Dr. Abdul El-Sayed: I think there’s this world where we’re told that everyone’s a perfect consumer and that they’ll make their choices as they are. But I worry that, particularly when you’re talking about kids, because this is who you’re talking about, right, who tend to be the most exposed, that there is not that agency to be able to make really good decisions. And I worry that it’s assumed that these things are safe because you’re not feeling the consequences of them today, even though you’re going to feel the consequences of them later. And, you know, there’s a world where you could do this, where you could turn off the governor, for example, which is to say, now listen, you know, if you want to listen to this as loud as it goes, we could do that. But at baseline, right. You have to choose against that. 

 

Erica Walker: Yeah yeah.

 

Dr. Abdul El-Sayed: Right. Um. Rather than, you know, you’re just you can play it as loud as you want and suffer the consequences later. And, you know, whatever it was your choice. Right. And I– 

 

Erica Walker: Yeah yeah. 

 

Dr. Abdul El-Sayed: That’s the thing that I worry about, which is, I you know, when you’re talking about kids and their long term hearing loss about decisions that they make when they’re 13 and they’re pressured to like, listen to the music extra, extra loud. 

 

Erica Walker: Mm hmm. 

 

Dr. Abdul El-Sayed: I don’t know that they’re making the best decisions and that they even can make the best decisions for themselves. 

 

Erica Walker: So that’s where education comes in. Like when I was a young kid, I didn’t recycle. I think like when I grew up in the eighties, no one recycled, um but no one [laugh] put a sensor in my trash can to make sure I separated things umm and made sure I was recycling properly.

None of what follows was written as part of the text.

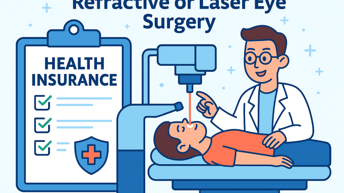 بیمه درمانی معمولاً هزینه جراحی انکساری یا لیزری چشم را پوشش نمیدهد ، اما برخی از شرکتها در صورت برآورده شدن معیارهای خاص، این هزینه را پرداخت میکنند. برخی از شرکتهای بیمه ، طرح چشم پزشکی ارائه میدهند که ممکن است قیمت تخفیفدار یا پوشش جزئی ظاهری برای جراحی لیزر چشم ارائه دهد. از آنجا که جراحی لیزر چشم یک جراحی انتخابی است، بسیاری از شرکتهای بیمه درمانی آن را زیبایی و غیر ضروری از نظر پزشکی میدانند. شرایط خاصی که تحت آن طرحهای بیمه درمانی ممکن است در شرایط نادر جراحی انکساری یا لیزری چشم را پوشش دهند عبارتند از:

I went to school, they had educational programs that taught us about the benefits of recycling, and I found that to be like, I had this my own eureka moment that made me believe in the movement to where it was just. And I thought about ways to recycle other things, you know, like, so I was just recycling we were at that time, we were just doing glass, cans and that’s it. But then even myself, with my creativity, I was able to think about, well, maybe we can recycle other things too. But if I was if there was some mechanism that was forcing my hand um in a way that I wasn’t being educated about why they’re forcing my hand, I’m also I’m going to do something because someone’s telling me to do it, but I’ll never be able to have the education and gener– to generate the creativity to move beyond that. So I don’t know. I think that education and that’s one of the things that we do in the schools, we educate them, we show them the correlations and we hope that they make better decisions. But I kind of go on the less Big Brother, more uh education, and we saw that during COVID. I know like as public health people, we saw that force wasn’t necessarily the best way to get people to uh appreciate the benefits of the vaccine. But I think that what we found was most um beneficial was, you know, educating people about uh what the vaccine was as opposed to just mandating it. Um. So, I don’t know, education plays a big role in what people decide to do. 

 

Dr. Abdul El-Sayed: Yeah, I um, I, of course, will never disagree with you about education, but I also think that there’s a role there’s a role for for um for setting a baseline expectation. And I don’t think that, you know, banning loud headphones is really the way to go. But I do think that um making sure that folks have a sense you know in the in the the product itself, a sense of what the risks are of this. Right. Because especially when you’re talking about long term consequences for short term joy, that’s where things sometimes that that becomes a real challenge. I mean, you think about smoking, for example, right? It is, from what I understand, joyful to smoke in a short period of time. The long term consequences are what you really worry about. 

 

Erica Walker: Yeah. 

 

Dr. Abdul El-Sayed: And humans are not very good at addressing the discounting of the future. 

 

Erica Walker: Yeah. 

 

Dr. Abdul El-Sayed: Especially, you know, 13 year old humans who are listening to their favorite song. Um. I want to ask you, you know you’ve been doing some really great work around noise, sound in Mississippi. Can you talk to us a little bit about that?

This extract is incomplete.